No, this is about potentially the mother of all branded MMOs/virtual environments, the Hello Kitty World! Looking past the uber-cuteness, the worldwide brand recognition and the cute and fluffiness of it all, Richard's words seem like and an epitaph of a world that hasn't even been born. Even though I doubt there will be a direct connection between the newbies of Everquest II hoisting their expectations onto poor Hello Kitty and fluffy friends, the feature list is clearly influenced by the generations of MMORPGs (and their newbies):
  • "Special in-game telepathy". In other words, global shouts continue. I wonder if they will also have teleportation within a city or country. (An example from Richard's article.)
  • Players will be in one of three countries which are in competition with each other. That gives us shards (though players can travel between countries) and instanced in-world games (I'll bet money they are).
  • The economy play. Play games for in-world money, trade items, open shops. I'm guessing that running a brothel out of your in-world house might be frowned on. I'm personally more curious if they will try to squelch any emerging eBay market for in-world items.
This is not to say that Hello Kitty World isn't going to be huge and healthily line the pockets of Sanrio. It is to say that I highly doubt we are going to see much innovation advancing the art of virtual environment design. And with it's potential to give so many people their first impression of large scale multiplayer gaming, that's a shame.

(Original Hello Kitty World link from Tom Coate's plasticbag del.icio.us feed.)

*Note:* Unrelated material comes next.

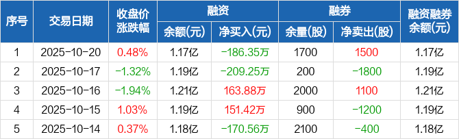苏博特:融资净偿还186.35万元,融资余额1.17亿元(10-20)

Tuesday, November 02, 2004

Speaking to your in-group

Judith Meskill digs into the past and finds a gem, in Social Hindrance or Social Necessity? Her post focuses on the 14-point "Social computing checklist" from At what cost pervasive? A social computing view of mobile computing systems. I admit my eye was drawn toward this:
At a fundamental level, humans think about social groups in terms of "us" vs "them," or the groups that "I am in" (in-groups) and those that "I am not in" (out-groups). Members and markers of an in-group are often favored and those of an out-group are often disparaged. Individuals may resist adopting a technology if it is associated with an out-group, and the technology itself may be a powerful marker in identifying group membership.
This seems obvious, but it's worth keeping at the forefront when designing for or interacting with a particular group. Group markers can include the language, patterns of speech and writing, colloquialisms, world-perspectives (religion, politics) and all the artifacts that may be associated with the group (hair, music, transportation, technology devices). Getting too many wrong and you can isolate members of the group you are trying to reach.

Once, I misjudged the marker of a group by a long shot. I was fairly new to managing online groups of any size and I had a group of volunteers helping out. One night, I wanted to talk to two (they had just handled a pretty sticky conflict resolution issue and I was all hot to get a report), but blew past two others and asked to be left in private. I should mention at this point that this was in the WorldsAway virtual environment so there was a physical presence. The social marker that had developed among my volunteers was to always stop, take a moment to say hello and let each other know what they were currently doing. Because I sped past two without a word and asked for privacy without explaining why, I had behaved as an outsider and undermined some of the trust they had in me. Well, I wound up spending several hours late that night sorting things out, apologizing and immediately changed my behavior to include writing markers (which included a *lot* of smilies and gestures that I was not used to using).

Luckily, this lesson has stuck and now, working with parents, I've learned that formal language is the language of the school administrations, lawyers, and officials--definitely an out-group. I've dropped formal language in all my communications with parents on our boards. I make sure that I participate in group congatulations (births, school placements, child successes) because it's a behavior that marks the in-group. On the other hand, I use very formal (but not disparaging) language when I am writing to someone so blatantly advertising or antagonizing others to establish they are not welcome.